As the director of the Office of Management and Budget, Mick Mulvaney has been tasked with negotiating a deal with congressional leaders to fund the government and end the shutdown that began on Friday midnight.
If Congress doesn't reach a deal, come Monday, thousands of federal employees will be placed on furlough.
Before the shutdown went into effect Friday, Mulvaney described his role in charge as "kind of cool."
"Obviously, I'm heavily involved in this, Sean, is that the Office of Management and Budget is charged with, you know, sort of implementing running a shutdown," Mulvaney said on conservative commentator Sean Hannity's radio show Friday before the shutdown went into effect.
He added, "In fact, I found out for the first time last night that the person who technically shuts the government down is me, which is kind of cool."
Media Matters was the first to point out Mulvaney's remarks.

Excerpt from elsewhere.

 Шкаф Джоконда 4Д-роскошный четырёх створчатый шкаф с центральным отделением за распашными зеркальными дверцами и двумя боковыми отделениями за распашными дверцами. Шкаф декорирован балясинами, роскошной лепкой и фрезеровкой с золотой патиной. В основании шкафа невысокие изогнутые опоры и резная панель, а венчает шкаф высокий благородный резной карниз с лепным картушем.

Mulvaney then listed all the federal departments and services that will continue to operate and employees who would report for duty if the government shuts down.
"To think that this government is going to shut down in the same way that it did in the Obama administration is just wrong," Mulvaney said, referring to the 2013 government shutdown.

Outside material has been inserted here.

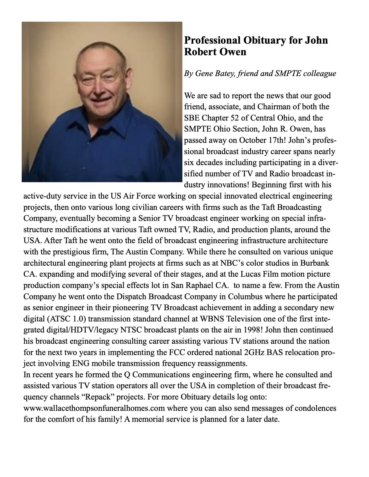 Summer Season Greetings to everyone! Our next Ohio Section combined meeting along with the Central Ohio SBE Chapter 52, will take place on Friday, July 26th, 2024 at the WCMH Television Studio Plant located at, 3165 Olentangy River Road, Columbus OH 43202.

Hannity also argued that the shutdown would be "phony" and that all the "important aspects" of the government will continue and federal employees who are furloughed will be reimbursed.
"This is not a shutdown. This is not a thing," Hannity said.
During the 2013 government shutdown under President Barack Obama, Mulvaney was serving as a Republican congressman representing South Carolina. He considered himself part of the "Shutdown Caucus" -- the hardline conservatives who objected to the funding of the Affordable Care Act included in the government spending bill.
The 2013 shutdown lasted 16 days and cost the economy an estimated $20 billion, according to an estimate from Moody's Analytics.